The important thing thought is to

cut back the numbers modulo 2, after which deal with the columns as vectors in $mathbb F_2^{n}$. Name these vectors $c_1,dots, c_{n+1}$. Right here $mathbb F_2$ is the sector of integers modulo 2.

Then, since there are $n+1$ columns,

these column vectors should be linearly dependent: there exists $a_1,dots, a_{n+1}in {0,1}$, not all zero, in order that $a_1c_1+cdots+a_{n+1}c_{n+1}$ is the zero vector (modulo 2).

Then we’re finished by

crossing out the columns for which $a_i=0$.

Edit: This is one other extra elementary answer that is trickier to consider (in my view), however accessible to high-school college students.

Notice that every one that issues is the parity of the numbers, we simply must hold observe of strange/even-ness of the row-sums fairly than the precise values. Now,

there are $n$ rows, so there are $2^n$ potentialities for the the parity of the row sums. Nevertheless, there are $2^{n+1}-1$ methods to delete some (however not all) columns, which is definitely greater than $2^n$.

This implies

there are a minimum of two alternative ways to delete the columns that yield the identical sample of parities for the row sums.

Now the trick is that

when you pick the columns which can be left undeleted in precisely one among these two methods, and delete the remaining columns, that will get us finished!
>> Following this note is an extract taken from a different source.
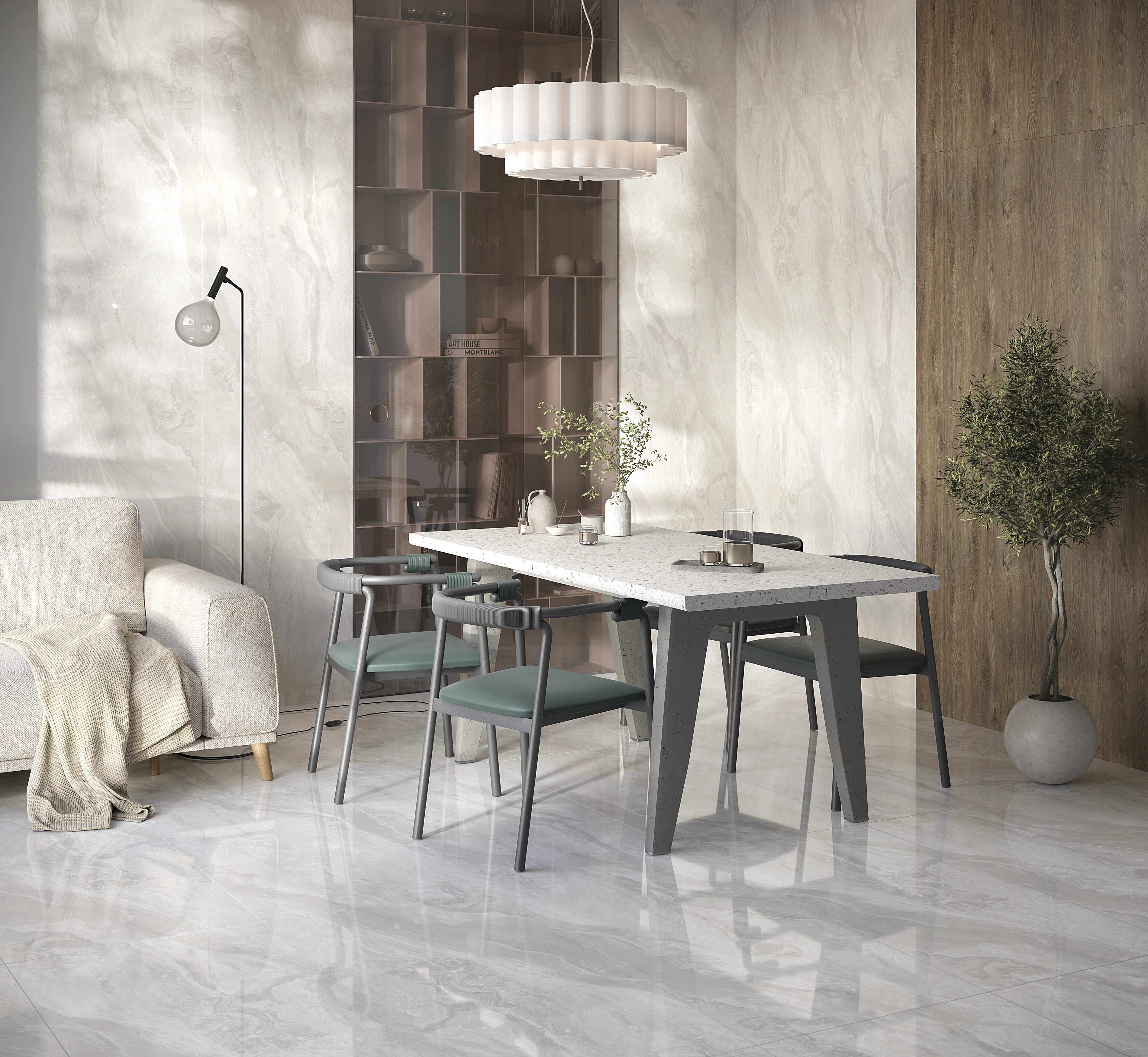 Керамогранит Statuario Rock легко сочетается с другими материалами – натуральным камнем, например ониксом, деревом, бетоном, металлическими поверхностями, кожей и стеклом. Светлые, полированные текстуры визуально увеличивают объем помещения и придают ему благородный, аристократический вид.
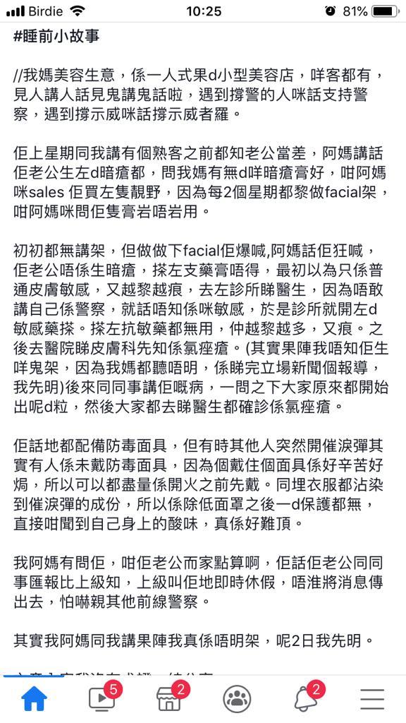 Số lượng lớn bom hơi cay mà cảnh sát Hồng Kông tung ra cũng làm hại chính họ. Gần đây cộng đồng mạng Hồng Kông đã chia sẻ thông tin nhiều cảnh sát cũng đang bị bệnh lở loét do clo.

Why? Nicely, let’s clarify this with an instance.

Suppose within the first selection of columns, the columns $1,3,5,6$ get left undeleted, and within the second case, the columns $1,4,5,7,8$ keep undeleted. The belief says including the columns $1+3+5+6$ offers the identical sample of odds and evens within the row sums, as including the columns $1+4+5+7+8$.

However meaning,

if I add all of them collectively, ending up with 2 copies of column 1, two copies of column 5, and one copy every of columns $3,4,6,7,8$, we get even sums in every row! Nevertheless, the columns that get added twice do not contribute to the parity in any respect, so including columns $3,4,6,7$ and $8$ would give even sums in every row as nicely.